Эти высказывания почти полностью находят отражение и в художественных текстах Гумилева:

Но забыли мы, что осиянно
Только слово средь земных тревог.
И в Евангелии от Иоанна
Сказано, что слово это Бог.
(«Слово»);

Я — угрюмый и упрямый зодчий
Храма, восстающего во мгле.
Я возревновал о славе Отчей
Как на небесах и на земле.
(«Память»);

Так, век за веком — скоро ли, Господь? —
Под скальпелем природы и искусства
Кричит наш дух, изнемогает плоть,
Рождая орган для шестого чувства.
(«Шестое чувство»);

И если я волей себе покоряю людей,
И если слетает ко мне по ночам вдохновенье,
И если я ведаю тайны — поэт чародей,
Властитель вселенной — тем будет страшнее паденье.
(«Я верил, я думал…»);

Я стал властителем вселенной,
Я Божий бич, я Божий глас.
("Дева Солнца").

Таким образом, категории Божественного и то многообразие форм, которыми они выражаются, обнажают устойчивый интерес Н. С. Гумилева к области религиозных и «богоискательских» переживаний. Сами же принципы освещения подобной тематики выдают приверженность поэта истинным ценностям в традициях христианской культуры.
____________
Примечания

[1]. Зобнин Ю. В. Странник духа // Н. С. Гумилев: Pro et contra.- СПб., 1995.- С. 15.
[2]. Наличие тематической линии «мифа о рае и грехопадении» в книге «Жемчуга» Н. С. Гумилева установлено М. Баскером (Гумилев, Рабле и «Путешествие в Китай»: К прочтению одного
прото-акмеистического мифа // Н. Гумилев и русский Парнас.- СПб., 1992.- С. 5–24.
[3]. Зобнин Ю. В. Указ. соч.- С. 15.
[4]. Одоевцева И. В. Так говорил Гумилев // Н. С. Гумилев: Pro et contra.- СПб., 1995.- С. 319.
[5]. Гумилев Н. С. Жизнь стиха // Гумилев Н. С. Собр. Соч. в 3 т.- М., 1991.- Т. 3.- С. 37.
[6]. Гумилев Н. С. Читатель // Гумилев Н. С. Указ. соч.- Т. 3.- С. 23.

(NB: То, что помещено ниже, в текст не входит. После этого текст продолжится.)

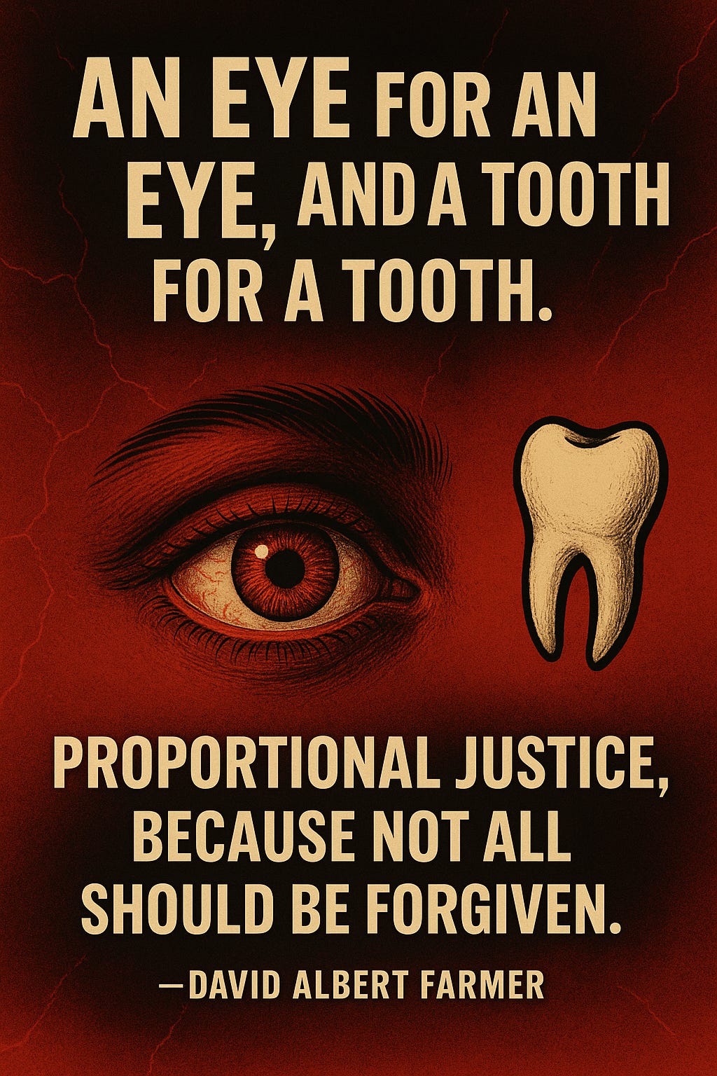 My seminary Christian Ethics professor, the late Dr Paul D Simmons, taught me 45 years ago that the ancient near Eastern principle of “An eye for an eye, a tooth for a tooth,” ultimately incorporated into Mosaic law and thus Hebrew scripture, was an antidote to limitless retribution. If you knock my tooth out by accident or on purpose I get to knock out one of your teeth as opposed to burning down your tent or killing your mother-in-law. Proportional or retributive justice.

Щеголькова Ольга Владимировна, кандидат филологических наук, доцент кафедры русской, зарубежной литературы и методики преподавания литературы Поволжской государственной социально-гуманитарной академии.

О. В. Щеголькова. Категория Божественного в лирике Н. С. Гумилева // Славянский мир: общность и многообразие: XXVII Кирилло-Мефодиевские чтения: Материалы обл. науч.-метод. конф. препод. истории, языка и культуры славян. народов / [Отв. ред.-сост. Л. Б. Карпенко]. - Самара: Изд-во Самар. гуманитар. акад., 2004. - С. 82-86.